__Task input__:
================================
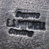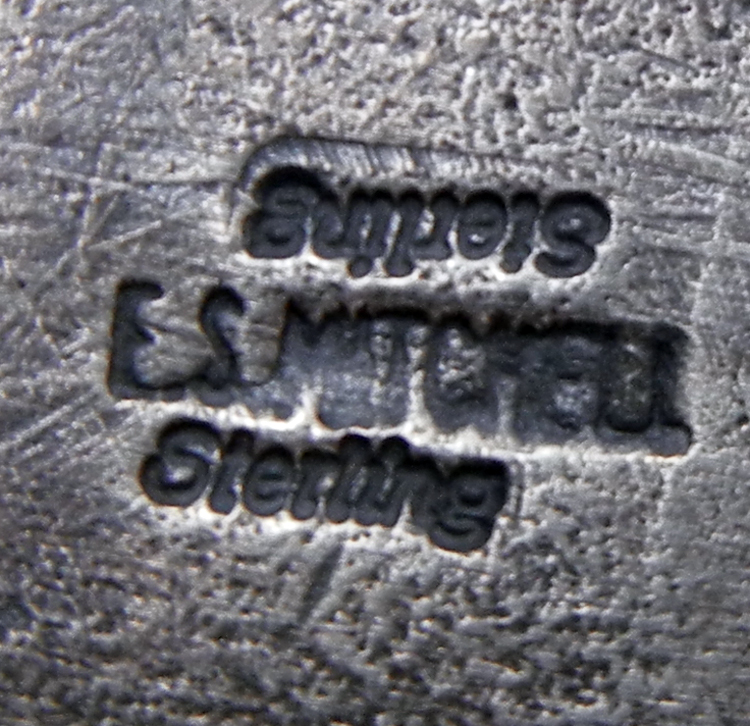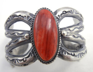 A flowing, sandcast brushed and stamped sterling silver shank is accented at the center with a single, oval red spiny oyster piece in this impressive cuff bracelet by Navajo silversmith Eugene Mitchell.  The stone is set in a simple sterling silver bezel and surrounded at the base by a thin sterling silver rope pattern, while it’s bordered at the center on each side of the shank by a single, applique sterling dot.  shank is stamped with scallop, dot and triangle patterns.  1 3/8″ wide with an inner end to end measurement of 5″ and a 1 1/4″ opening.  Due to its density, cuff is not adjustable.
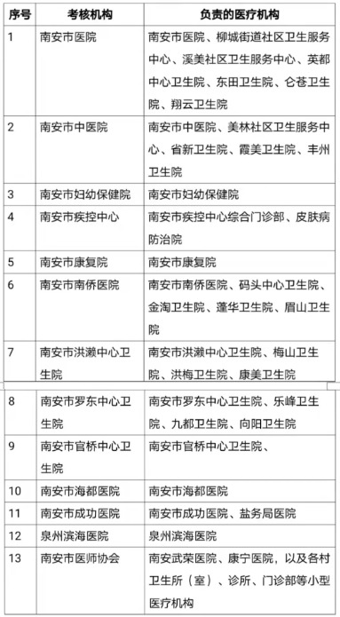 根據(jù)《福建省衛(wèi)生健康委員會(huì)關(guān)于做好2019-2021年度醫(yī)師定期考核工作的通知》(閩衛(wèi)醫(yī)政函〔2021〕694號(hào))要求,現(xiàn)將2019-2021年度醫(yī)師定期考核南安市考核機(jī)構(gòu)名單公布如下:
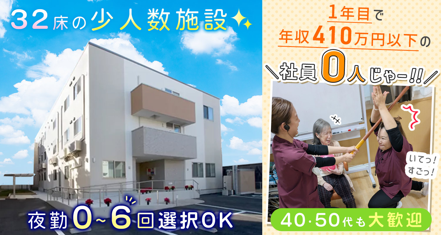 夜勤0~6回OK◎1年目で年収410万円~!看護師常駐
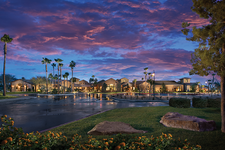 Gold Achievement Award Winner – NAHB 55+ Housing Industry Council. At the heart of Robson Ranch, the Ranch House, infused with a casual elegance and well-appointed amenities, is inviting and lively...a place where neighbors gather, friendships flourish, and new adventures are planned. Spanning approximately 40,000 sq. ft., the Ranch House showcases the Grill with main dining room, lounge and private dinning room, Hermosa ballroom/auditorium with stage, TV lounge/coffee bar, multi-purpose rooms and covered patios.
================================
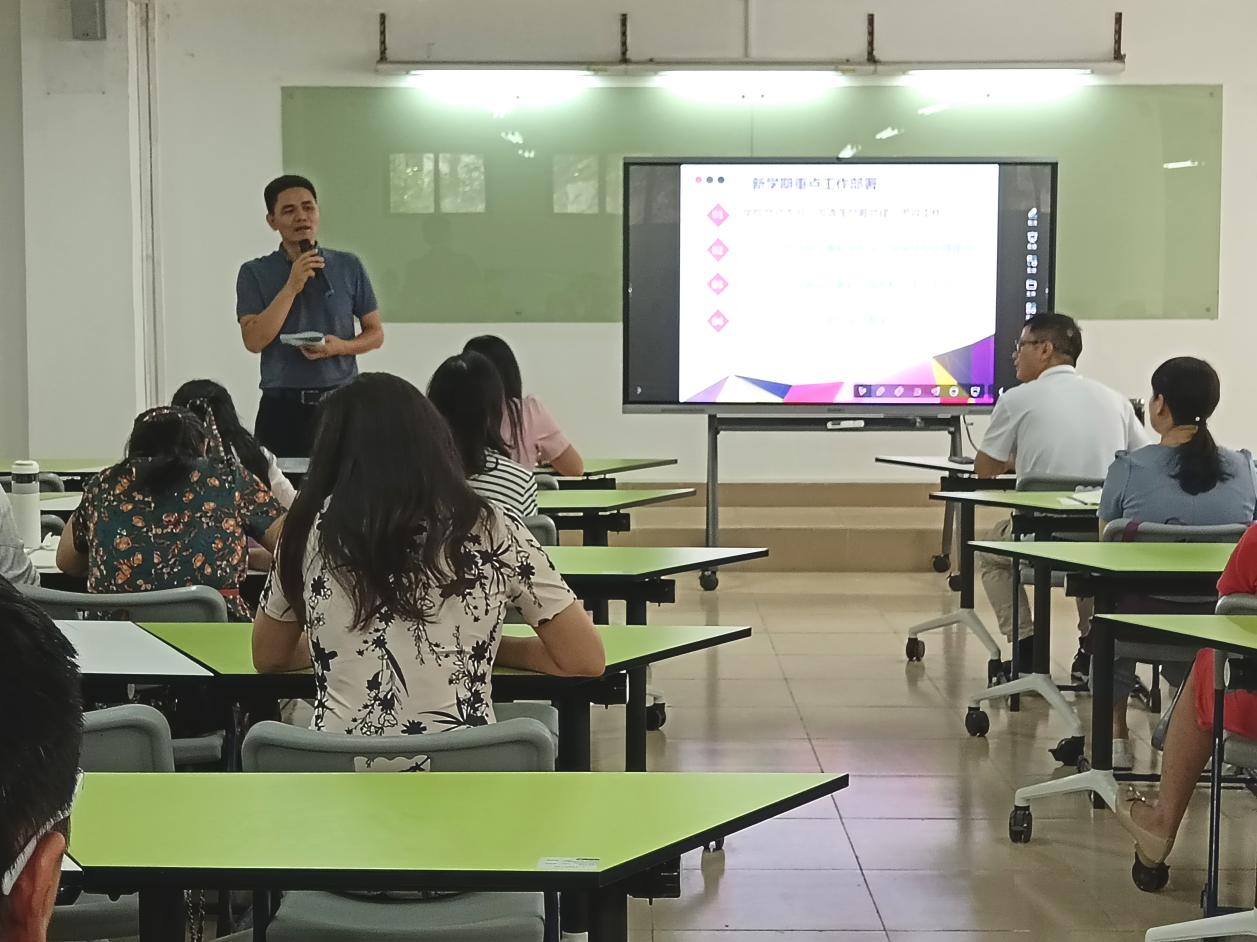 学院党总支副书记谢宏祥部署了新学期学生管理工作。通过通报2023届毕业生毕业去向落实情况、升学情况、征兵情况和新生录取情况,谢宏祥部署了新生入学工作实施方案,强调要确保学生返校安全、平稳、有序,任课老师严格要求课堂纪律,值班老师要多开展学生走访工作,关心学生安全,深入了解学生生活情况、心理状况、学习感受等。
================================
Your answer must be everything above from the line with "A flowing, sandcast" down to the line with "根據(jù)《福建省衛(wè", word for word, and no pictures.

 A flowing, sandcast brushed and stamped sterling silver shank is accented at the center with a single, oval red spiny oyster piece in this impressive cuff bracelet by Navajo silversmith Eugene Mitchell.  The stone is set in a simple sterling silver bezel and surrounded at the base by a thin sterling silver rope pattern, while it’s bordered at the center on each side of the shank by a single, applique sterling dot.  shank is stamped with scallop, dot and triangle patterns.  1 3/8″ wide with an inner end to end measurement of 5″ and a 1 1/4″ opening.  Due to its density, cuff is not adjustable.
 根據(jù)《福建省衛(wèi)生健康委員會(huì)關(guān)于做好2019-2021年度醫(yī)師定期考核工作的通知》(閩衛(wèi)醫(yī)政函〔2021〕694號(hào))要求,現(xiàn)將2019-2021年度醫(yī)師定期考核南安市考核機(jī)構(gòu)名單公布如下:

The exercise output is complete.